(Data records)
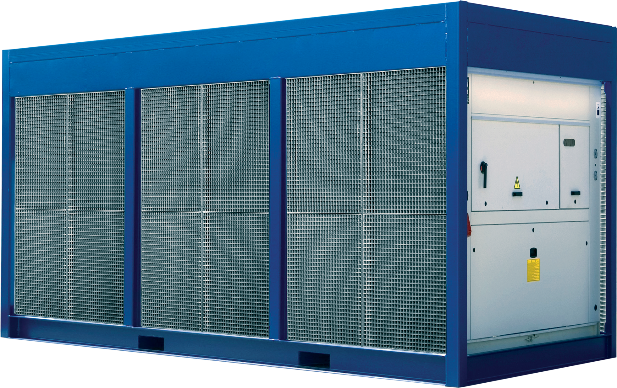 Air-cooled chiller with 200 kW cooling capacity. This low-energy low-noise machine is ready for use. The machine is mounted in a robust frame with a shock-resistant grid for condenser protection and can be moved easily with a forklift or crane.
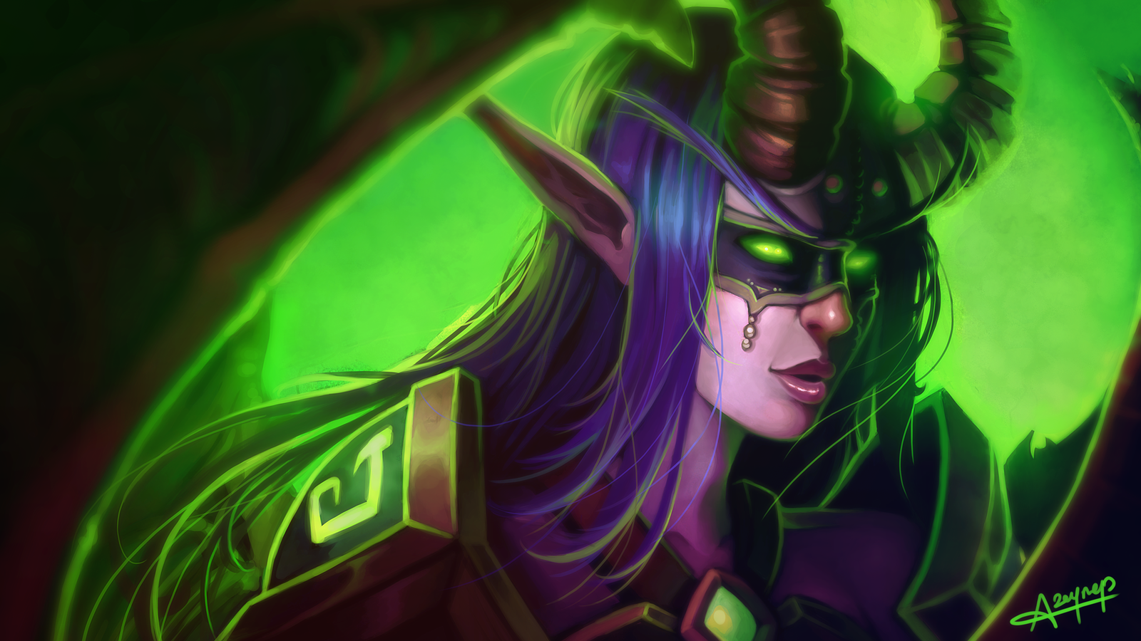 Description: A woman with horns and a horned head is in a green background with a green light behind her and a green light behind her.
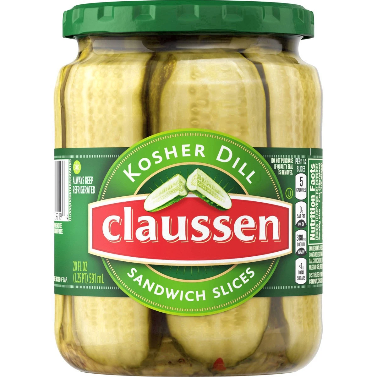 Our Claussen Sandwich Slices are crafted with fresh cucumbers picked straight from the vine and refrigerated for our classic Claussen crunch. Sliced perfectly for sandwiches, our pickle slices add a z…
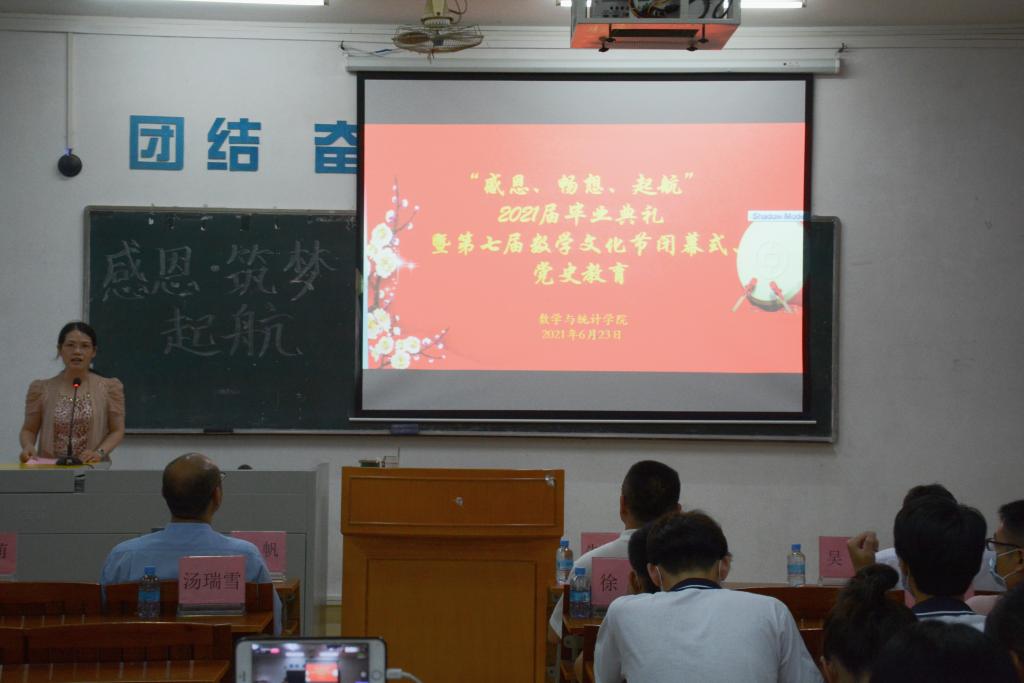 在这夏花盛放的六月份,为表彰过去一年做出贡献的学生,欢送2021届毕业生,激励学生不忘初心、砥砺前行,2021年6月24日下午,数学与统计学院于二教503课室举办了“感恩、畅想、起航”2021届毕业典礼暨第七届数学文化节闭幕式,出席本次典礼的有数学与统计学院杨帆党委书记、朱智伟院长、高洁云党委副书记、符和满副院长、吴晓副院长、程从华老师、柏萌老师、王肖义老师、徐勇老师、谷泽老师、陈建军老师、汤瑞雪老师、潘敏仪老师、张驰老师、曹阳老师、学生朋辈辅导员们、数学与统计学院在校2021届毕业生代表们、受表彰的同学们和2019级、2018级、2017级各班学生代表们。
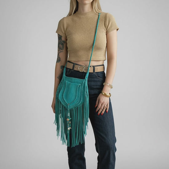1970s Turquoise Fringe Crossbody – Bohemian Leather Festival Bag
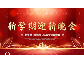 PPT模板封面,使用了红色背景,搭配人物剪影背景图片。中间填写新学期迎新晚会PPT标题,设计风格为红金大气。
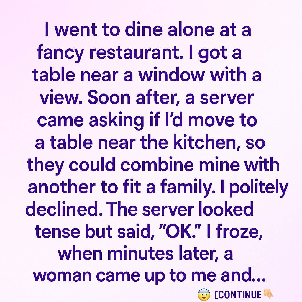 I went to dine alone at a fancy restaurant. I got a table near a window with a view. Soon after, a server came asking if I’d move to a table near the kitchen, so they could combine mine with another to fit a family.

» Exercise aim
Skip every picture, and restate word for word only the lines above from the line containing "1970s Turquoise Fringe" to the line containing "PPT模板封面,使用了红色背", both of them included.

» Result below
1970s Turquoise Fringe Crossbody – Bohemian Leather Festival Bag
 PPT模板封面,使用了红色背景,搭配人物剪影背景图片。中间填写新学期迎新晚会PPT标题,设计风格为红金大气。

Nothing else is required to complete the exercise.